(ORDO NEWS) — For most of the century, quantum physics and general relativity were inextricably linked. Everyone is perfect in their own way, they just can’t stand each other being in the same room.
Now mathematical proof of the quantum nature of black holes may show us how they can reconcile, at least enough to create a grand new theory about how the universe works on the cosmic and microcosmic scales.
A group of physicists have mathematically demonstrated a strange quirk as to how these mind-bogglingly dense objects can exist in a state of quantum superposition while occupying a spectrum of possible characteristics.
Their calculations showed that superpositions of masses in a theoretical type of black hole called a BTZ black hole simultaneously occupy surprisingly different mass ranges.
Usually, any ordinary particle can exist in a superposition of states, with such characteristics as rotation or momentum being determined only after they have become part of the observation.
Where some qualities, such as charge, only come in discrete units, mass is not usually not quantized, meaning that the mass of an unobservable particle can be anywhere within the range of possibilities.
However, as this study shows, the superposition of masses held by a black hole tends to favor some dimensions over others. in the sample, which can be useful for modeling mass in a quantized way.

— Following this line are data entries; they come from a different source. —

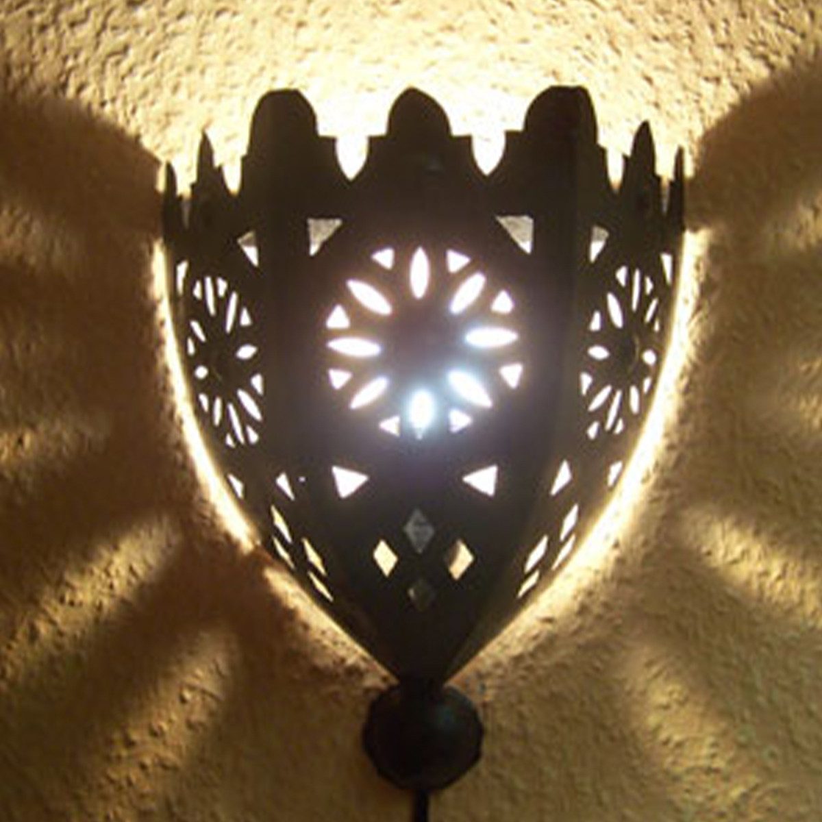 Bringen Sie orientalisches Flair in Ihr Zuhause mit der Wandleuchte Kamal. Aus robustem Metall gefertigt, erhält sie durch ein Säurebad eine edle Rostpatina und wird anschließend lackiert. Die fein perforierten Ornamente zaubern faszinierende Schattenspiele an Ihre Wände und schaffen eine warme, stimmungsvolle Atmosphäre.
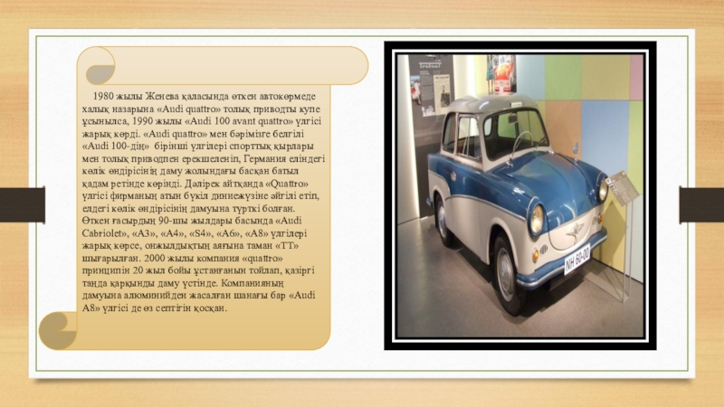 Слайд 11 1980 жылы Женева қаласында өткен автокөрмеде халық назарына
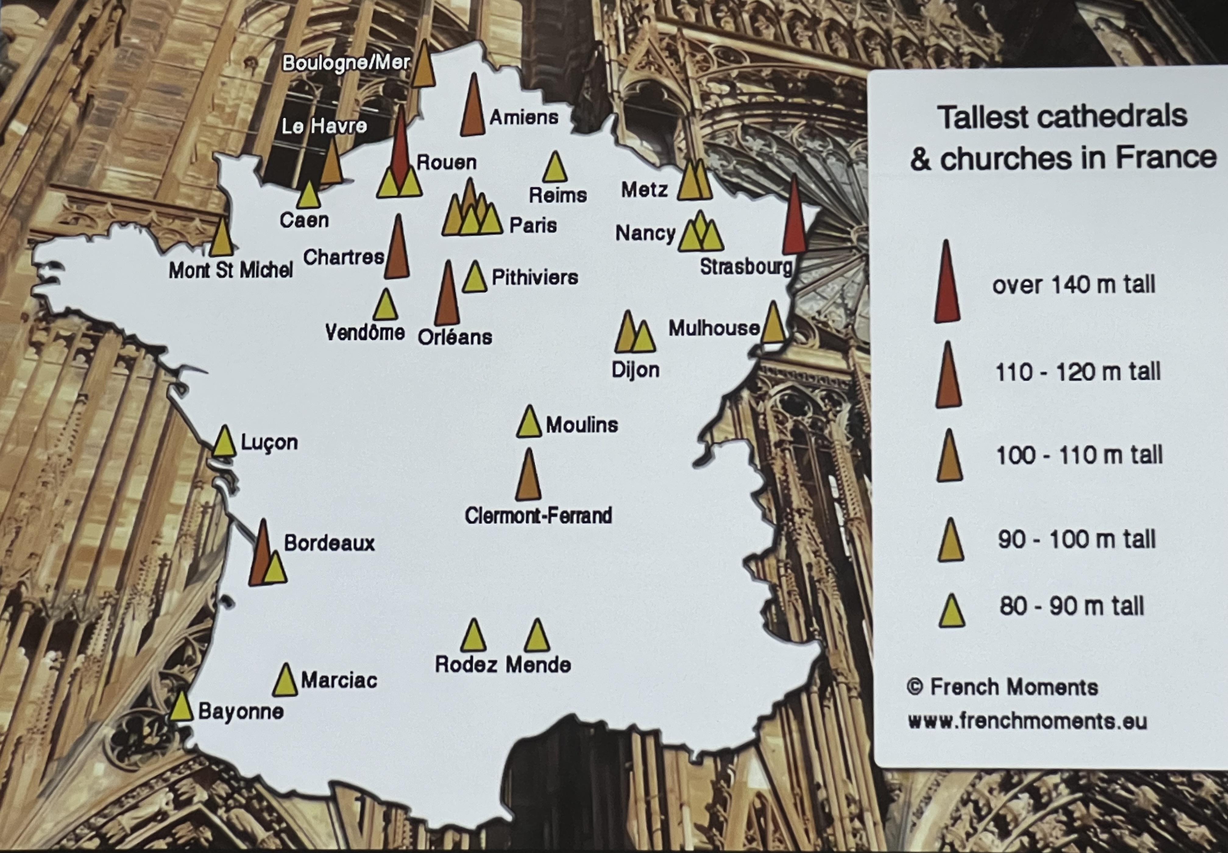Πασίγνωστο, επίσης, παράδειγμα, η Παναγία των Παρισίων, η Νοτρ Νταμ ντε Παρί. Πρόκειται για τον Μητροπολιτικό Ρωμαιοκαθολικό Ναό του Παρισιού και αποτελεί ένα από τα πλέον θαυμαστά αρχιτεκτονικά μνημεία του λεγόμενου οξυκόρυφου ή γοτθικού ρυθμού.
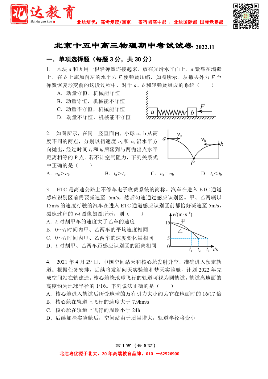 北京admw360教研组为大家整理了2022-2023学年北京十五中高三(上)物理期中试题及答案,分享给大家,赶紧下载练习起来吧。
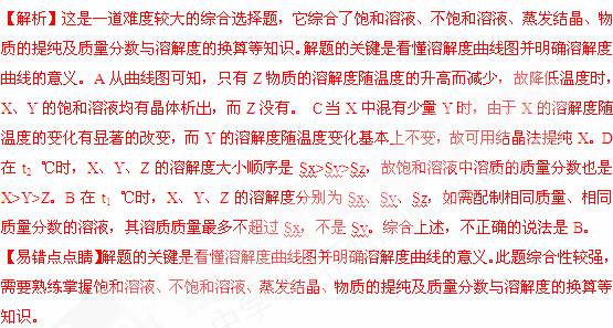 D.t2 ℃時,三種物質(zhì)的飽和溶液中溶質(zhì)的質(zhì)量分數(shù)X>Y>Z
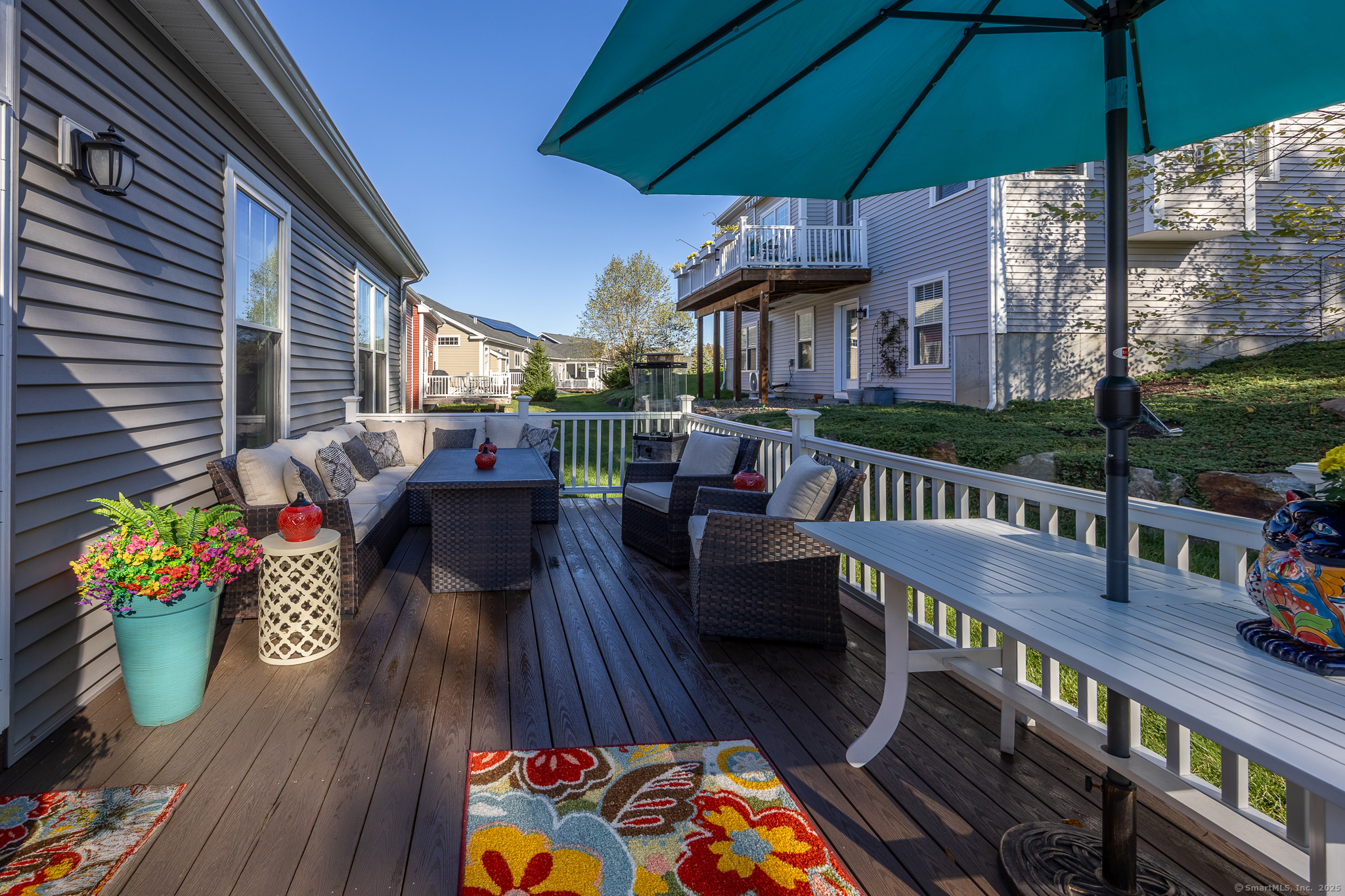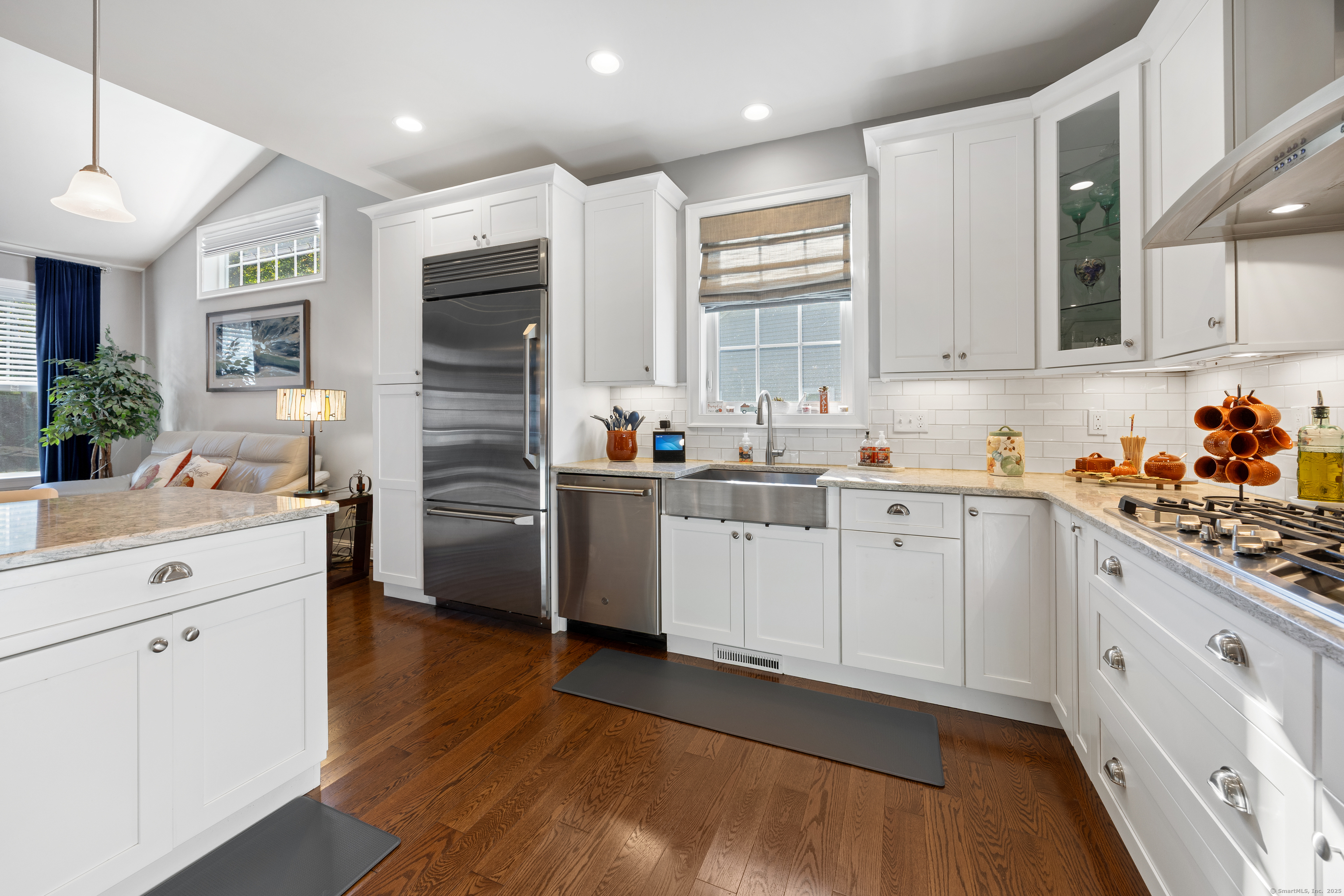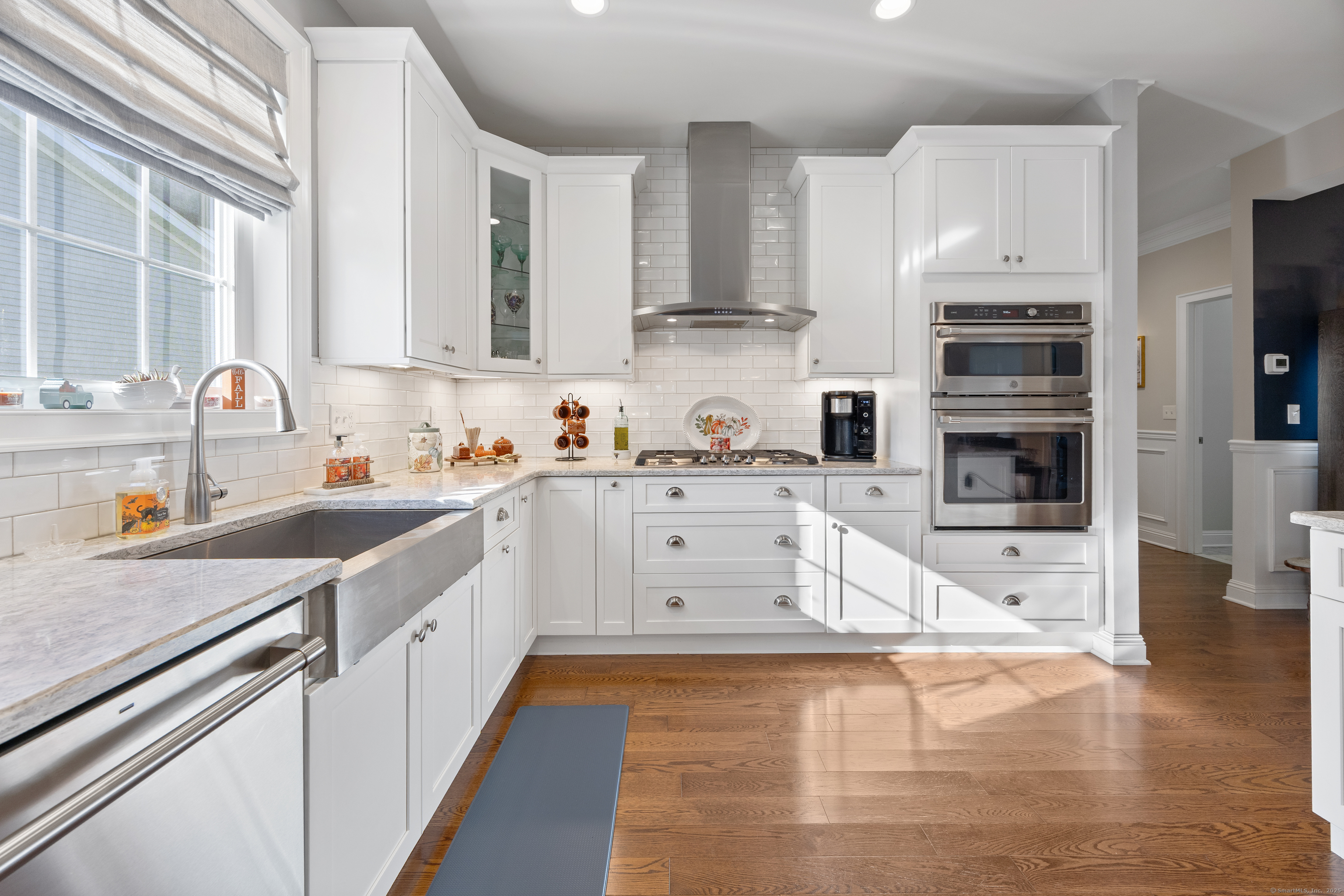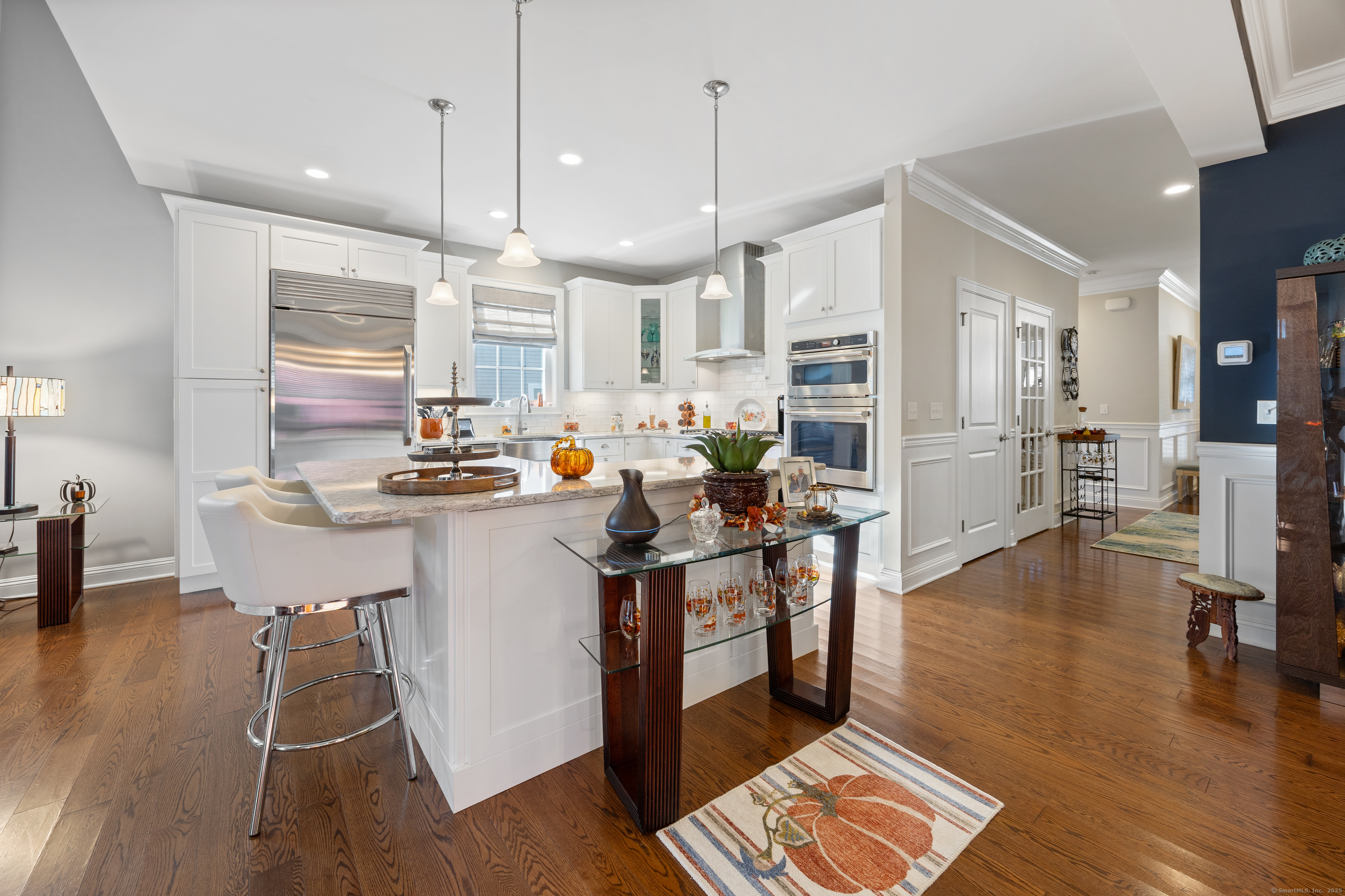 Welcome to 81 Fieldstone Lane! This one level Ranch home located in a 55+ Luxury Community of Chatfield Farms. These homes are rarely available. This Meticulously kept home offers 6 rooms, 2 bdms & 2 full baths. Walk through the front door and immediately feel welcomed by the large foyer that leads to the Gorgeous Kitchen w/White Quartz counters, tiled backsplash, Large Island, SS Appls including a 5-burner gas cooktop & wall oven with custom hood, a pantry and recessed lighting. The Kitchen opens to the Dining Rm and Family Rm offering a floor to ceiling Stone Gas Fireplace. There are Wide Plank Hardwood Flrs & Crown Molding throughout the main level. The French doors lead to the 1st floor office with custom cabinetry and built ins. The Primary Bedroom features a large walk-in closet, a full-on suite bathroom with double sinks, quartz counters and a walk-in tiled shower. Down the hall is the 2nd bedroom and 2nd Full Bath. The laundry room is located on the main level. Off the back is a Maintenance Free Trex Deck for your outdoor Enjoyment! The Lower level has been partially finished offering an addl 700 sq ft to your living area and tons of storage. The home's additional features include a 2 Car Attached Garage, a Generator & an Irrigation System. This Community offers a Clubhouse, Inground Heated Pool, Health Club w/Spa, Pickle Ball Courts, Library, Nature Trails & so much more. Don't miss this rare opportunity to make this Stunning unit in Chatfield Farms your New Home!

This could give us a new framework for investigating the quantum gravitational effects of superposition black holes to ease the tension between general relativity and quantum theory.
“Until now, we have not explored in depth, black holes exhibit the strange and wonderful behavior of quantum physics,” explains theoretical physicist Joshua Fu from the University of Queensland in Australia.
“One such phenomenon is superposition, in which quantum-scale particles can exist. in multiple states at the same time. This is most often illustrated by Schrödinger’s cat, which can be both dead and alive at the same time.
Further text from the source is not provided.